Les corps sont coupés, les vies sont arrêtées, les cœurs se figent, la chair refroidit. Sexes, mains, organes disparaissent du réel et réapparaissent dans les fantasmes, les rêves et les cauchemars, les lapsus et les actes manqués. Textes troués, phrases jetées, dés et osselets lancés, scénarii explorés. Blancs, vides, espaces, pauses ; démontage puis remontage ; arrêts, stases, accélérations, suspensions. « Je recopie puis je défais. Comme je le vois faire avec de vieux tricots de laine. » Les récits peuvent être tronqués, les dialogues ne conduisent à aucun dénouement ni solution — et pourtant que de nœuds, de crises, d’assauts, d’explorations ! L’unité artistique n’est plus possible, mais Liliane Giraudon invente, autrement, des manières de dire le monde et d’explorer la vie : « C’était comme si je cherchais une voix dans mon cœur ». Le rouge du sang, de la vie, de la perte de la virginité, des menstrues, des blessures, des coupures, des castrations, des viandes animales et humaines colore les pages d’un livre qui interroge les artistes et les légendes, les artistes et leurs légendes, les légendes sans les artistes. Le noir des ténèbres. Et la transparence de la légèreté, quand elle se fait insolence.
On peut donc ici goûter au travail de la langue dans des dispositifs très différents et souvent fracturés : conte, poème mouvementé choisi par le hasard, tableau théâtral, récit, poème versifié, fragment autobiographique. Goûter, ça veut dire voir, lire, regarder, observer, entendre, imaginer, ingérer. Dans cette viande tous les sens sont convoqués, suscités et ressuscités. Ils sont invités à correspondre dans le sang (c’est chaud c’est rouge ça sent et c’est déjà de l’encre*). Lire c’est toucher. Toucher le livre, c’est aussi être lu, dévoilé déviandé décharné. « Quand écrire c’est supprimer celui ou celle qu’on est. Ou croit être ». La lecture conduit à une mise à nu semblable qui « laisse passer autre chose ».

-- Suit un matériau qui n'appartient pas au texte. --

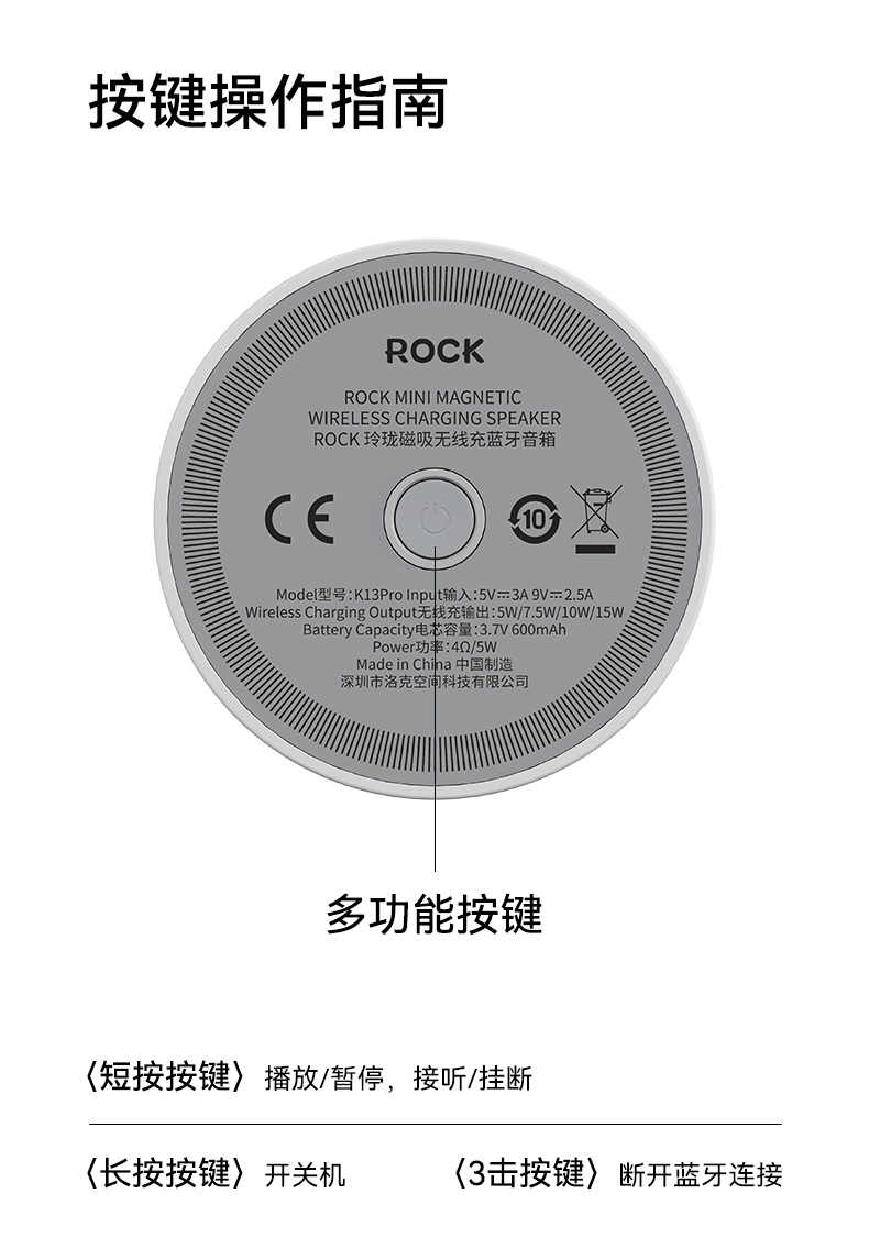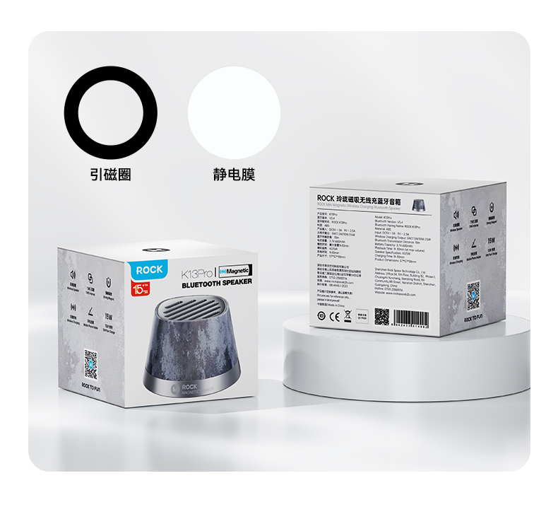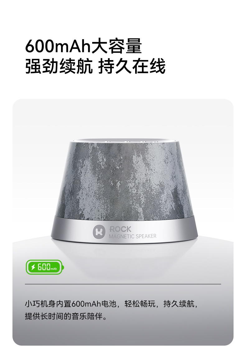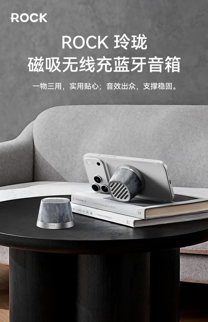 ROCK 玲珑磁吸无线充蓝牙音箱 K13Pro 电芯容量:600mAh 灰色(单位:个)

C’est dit, c’est ça, c’est exactement ça. La langue est plus chaude que la viande, et elle nous fait avancer entre deux mondes pour nous permettre d’y voir plus clair dans ce monde-ci. « Les poèmes foutaient du bruit dans la musique, rendaient la musique au bruit. /Défaisaient la langue dans la bouche. /Rendaient l’eau dans le fossé plus eau, les herbes plus herbes. » Et je me demande, pauvre lectrice, si mes mains abîmées ne doivent pas beaucoup à celles de la fille aux mains coupées dont l’histoire me hante depuis que je l’ai croisée. « Et maintenant/Dans le silence arrêté du temps/Je t’écris ». Et maintenant, dans l’éternité de l’instant, nous vous lisons, chère Liliane Giraudon, et tout recommence, parce qu’il suffit d’un livre pour que l’invisible prenne forme, et que de nouveau ça saigne, ça pulse, ça travaille avec audace le corps et la langue dans toutes leurs matières et de toutes les manières.
Anne Malaprade
Liliane Giraudon, le travail de la viande, POL, 2019, 154 p., 16€
Lire ces extraits du livre publiés dans l’anthologie permanente du site.
*On pense au tableau de Caravage La Décollation de saint Jean-Baptiste qui se trouve à la cathédrale Saint-Jean de La Valette : la signature du peintre est tracée dans le sang de la victime.